Allemagne. La nouvelle conflictualité des relations professionnelles dans le secteur de la petite enfance
Stefan KERBER-CLASEN

En 2009 et 2015 ont eu lieu des grèves fédérales dans les services sociaux et éducatifs municipaux en Allemagne, et en particulier dans les « Kitas », les crèches et jardins d’enfants accueillant les enfants de 0 à 6 ans. Ces mobilisations syndicales massives contrastent avec le caractère traditionnellement peu conflictuel des relations professionnelles établies dans le secteur de la petite enfance. Les dynamiques qui contribuent à cette nouvelle conflictualité sont ici analysés, pour permettre de mieux comprendre ce changement, les résultats des mobilisations syndicales et leurs implications politiques et syndicales.

 

Allemagne. Employeurs et réfugiés : l’intégration au service d’une stratégie de long terme
Marcus KAHMANN et Adelheid HEGE

En 2015, 1,1 million de réfugiés sont arrivés en Allemagne. Les employeurs et leurs organisations représentatives ont soutenu les efforts gouvernementaux d’afficher une attitude d’ouverture à leur égard. L’engagement patronal en faveur des réfugiés et demandeurs d’asile ne va pourtant pas de soi. Cet article s’interroge sur l’évolution et l’ajustement de la stratégie patronale en matière d’immigration que met à l’épreuve l’afflux de personnes qui migrent prioritairement pour des raisons humanitaires. Celle-ci se distingue désormais par une politique proactive de l’intégration guidée par une préoccupation centrale, l’insertion des jeunes réfugiés dans les circuits de la qualification professionnelle.

 

Norvège. Modification des règles du contrat de travail temporaire : une rupture avec la tradition de compromis entre gouvernement et syndicats ?
Kristin JESNES

Les modifications des règles du contrat de travail temporaire en Norvège en 2015 ont été fortement critiquées par les organisations syndicales. La méthode et la durée courte de consultation employée par le gouvernement constituait selon elles une attaque contre la concertation tripartite entre les partenaires sociaux et le gouvernement. Dans cet article, nous chercherons à déterminer dans quelle mesure les tensions entre les syndicats et le gouvernement au sujet de la réforme du Code de travail de 2015 marquent un affaiblissement de cette tradition de concertation tripartite.

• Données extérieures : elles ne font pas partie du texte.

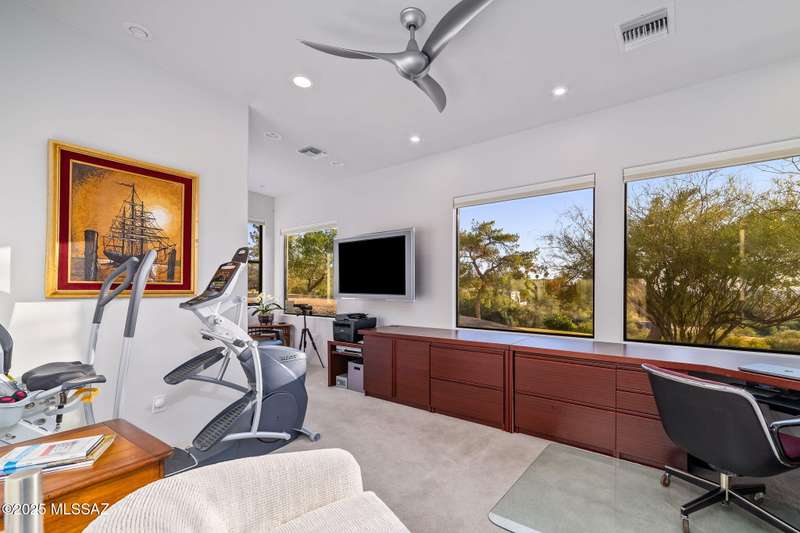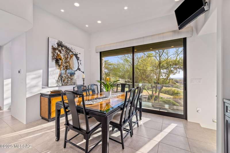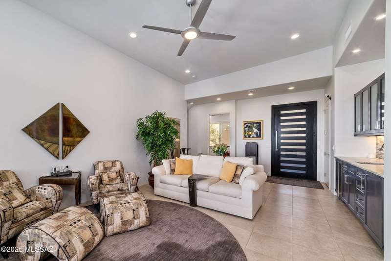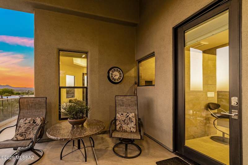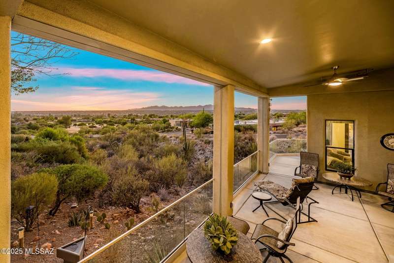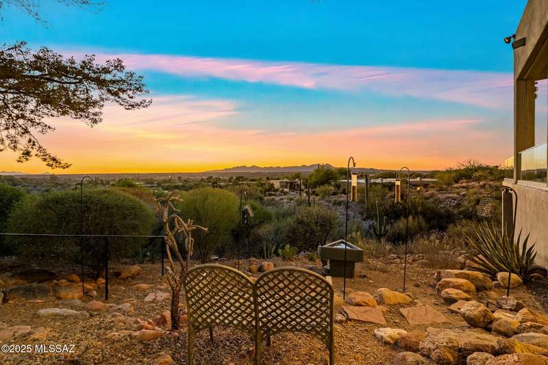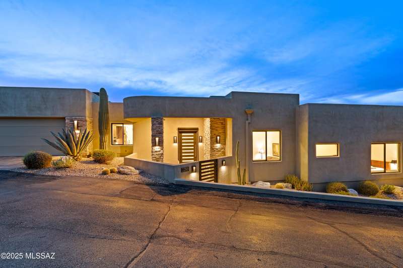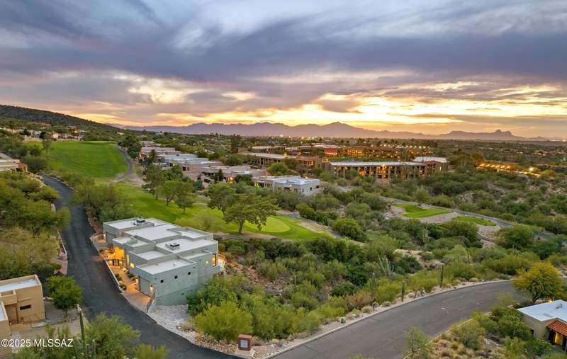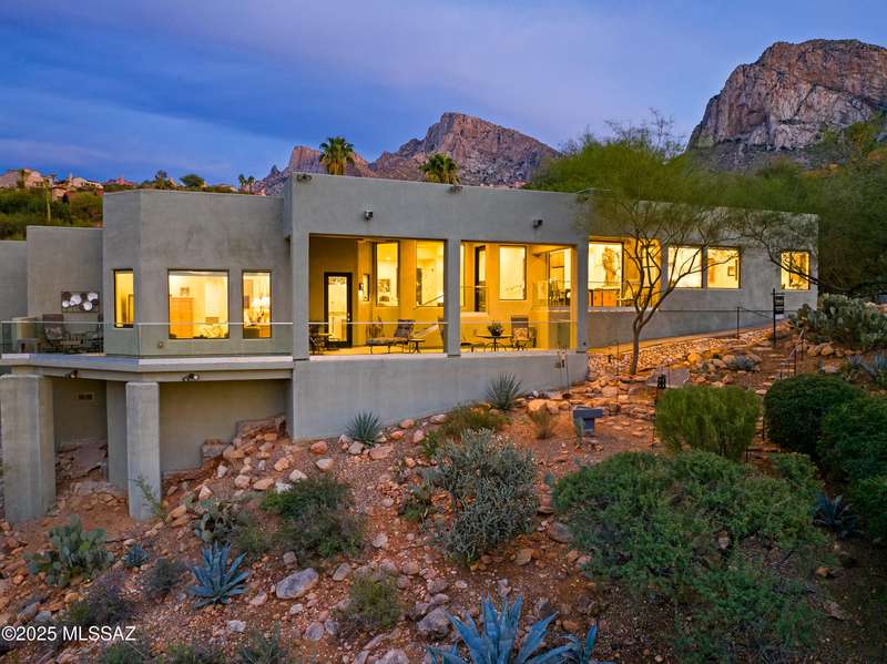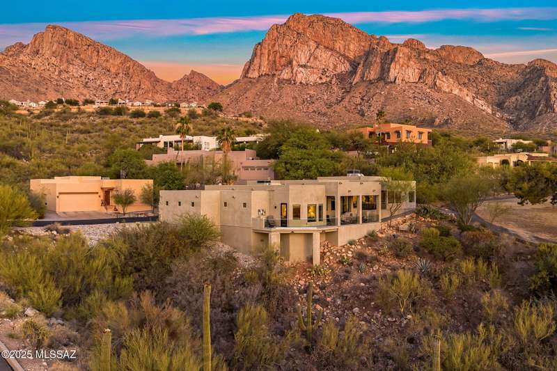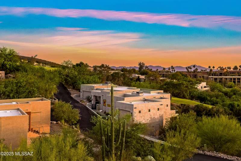 Gaze west from this 2018 rebuilt home perched along 7th & 8th fairways of Pusch Ridge Golf Course where sunsets unfold daily across a protected five-acre multi-saguaro wash. Enjoy a variety of birds & postcard view from private deck w/no extra yard to maintain. With no HOA & no homes pressed up on either side, this home has an uncommon sense of breathing room. Sleek, modern, thoughtful upgrades & broad patio spaces that feel like estate living w/o the upkeep. Relax in effortless resort-style living w/direct 5 minute golf-cart path access to the El Conquistador Resort pool, cafe, restaurants & bar. Grab morning coffee or wander back for dinner or cocktail in the evening. Step inside to light-filled open spaces w/soaring ceilings, sophisticated finishes & versatile plan that shifts easily..

En effet, on peut repérer trois signes de rupture en la matière : la méthode du gouvernement, qui a imposé les changements du Code du travail, et la manière dont les syndicats ont réagi : d’une part en suscitant une grève politique, d’autre part en mettant en place une alliance avec les politiciens de gauche au sein des conseils municipaux, pour qu’ils s’opposent aux nouvelles règles au niveau local. Les implications à long terme de cette rupture sur le dialogue social sont encore incertaines.

 

Dossier. Nouvelle-Zélande et Australie
Introduction. Austérité du politique versus politique dʼaustérité
Stéphane LE QUEUX
Ce dossier porte un regard sur l’évolution générale des relations professionnelles en Nouvelle-Zélande et en Australie sous gouverne libérale. Chacun des pays affiche une relative prospérité qui s’explique par leur inscription dans l’économie asiatique. La comparaison révèle deux approches différentes : alors que les Libéraux néo-zélandais ont privilégié une politique du « laisser-faire », leurs homologues australiens se sont engagés dans une doctrine d’austérité. L’absence d’attention au social dans le premier cas, des dispositions antisociales dans le second ont mené à une dégradation des conditions de vie et de travail malgré la croissance, une situation à laquelle le syndicalisme néo-zélandais essaie de répondre en mettant en place, avec la société civile, une campagne pour un « living wage ».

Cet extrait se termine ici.